L'altro uomo, che muove i vari Mertens, Insigne, Callejon, Jorginho e così via è invece un allenatore, Maurizio Sarri, maniacale nel suo non lasciare niente al caso, che ha saputo creare bellezza non partendo da un talento naturale immaginifico, ma dall'esercitazione costante e sempre perfettibile di piccoli movimenti sul campo, che su una grande tela diventano ricami di grande ingegno.

Maradona e Sarri

Sono due rette che non potranno mai incontrarsi, eppure tendono entrambe allo stesso traguardo, la bellezza attraverso il pensiero fulmineo, derivato dal talento naturale Diego, costruito attraverso il lavoro continuo Sarri.
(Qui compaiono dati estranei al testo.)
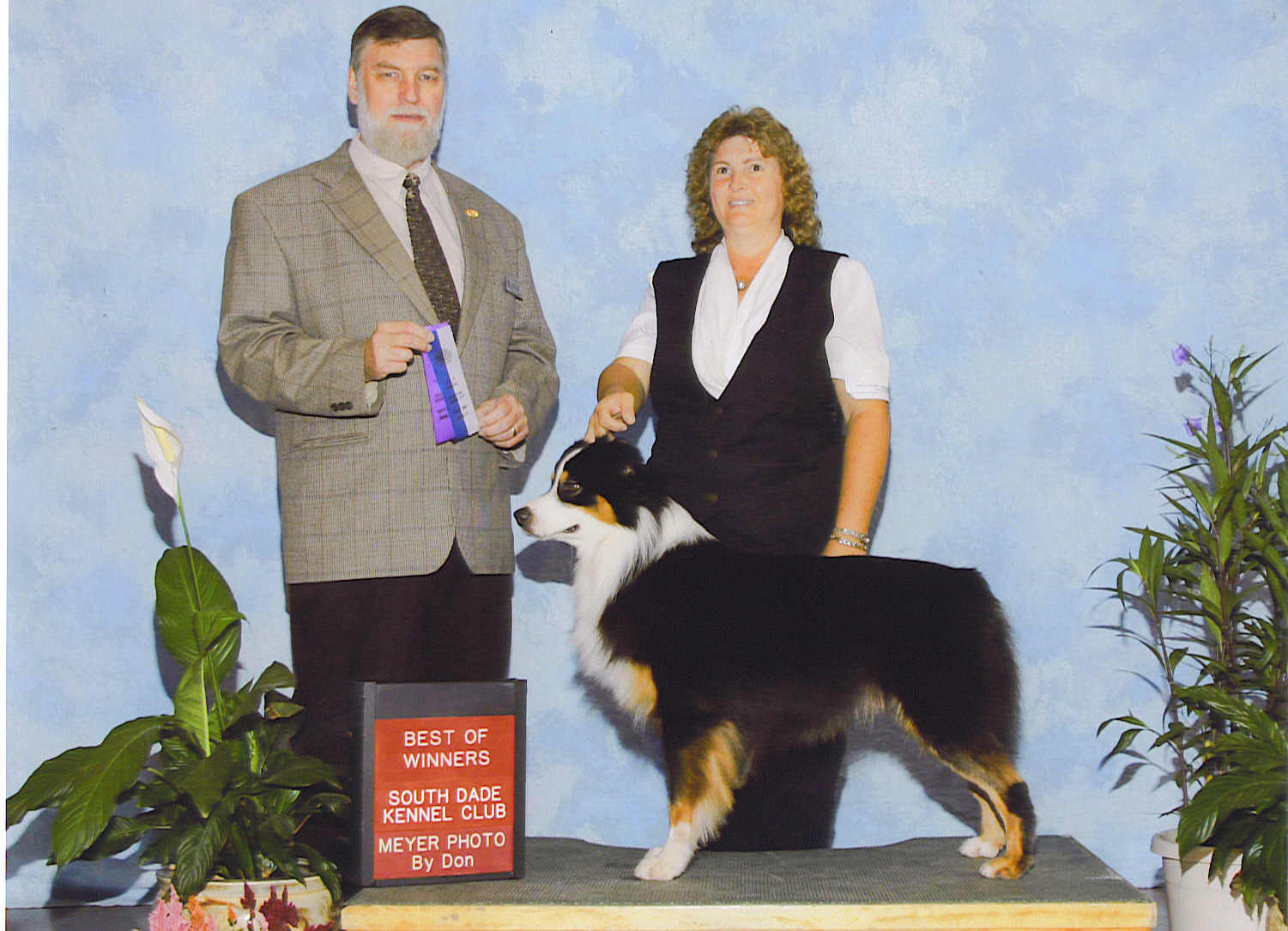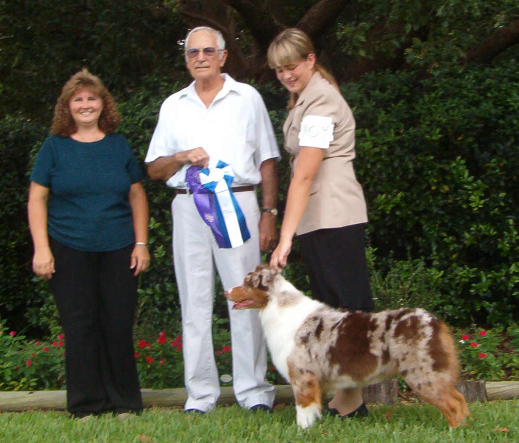 Clips did well at the 2000 National Preshow, the only one she was entered in! She made the cut out of the large class in the Open Red merle with stiff competition. She is such a piece of work and a joy to show. Her eyes are cleared and she is also OFA EXCELLENT! Her full brother, Soundtrack's Tuned In, FDCH, (Radio) is shown on our extended family page, showing the intensity and love for action they both possess.
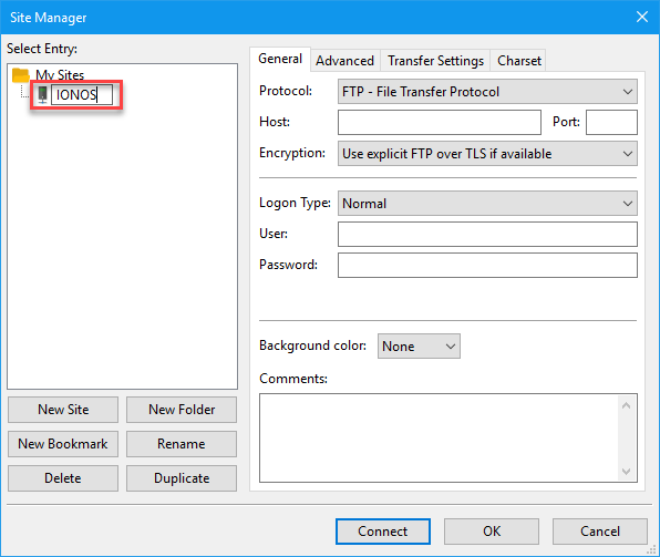 For IONOS Windows hosting packages, please reference Saving Your FTPS Connection Data in WinSCP.

Per entrambi non è mai troppo veloce un pensiero, mai troppo innovativo un passaggio, mai troppo corretto un movimento, perché se da una parte la natura del talento, dopo aver creato bellezza, ti apre ad una dimensione sempre nuova, con Sarri la costruzione della perfezione non ha mai davvero fine.

L'anti-napoletano

E se Maradona era perfetto per Napoli, Sarri è per il giudizio comune l'anti-napoletano, perché lascia completamente da parte l'arte di arrangiarsi, per decodificare ogni frammento di una partita, ogni attimo di un percorso. E allora se Maradona era l'apoteosi di una Napoli classica, quella del "possiamo farcela?", che ha dentro tanto di sogno e speranza ma anche un orizzonte sempre lontano, vuoi vedere che Sarri è l'uomo della nuova Napoli, quella del "possiamo farlo", che invece dentro ha metodo e creazione attraverso il lavoro continuo?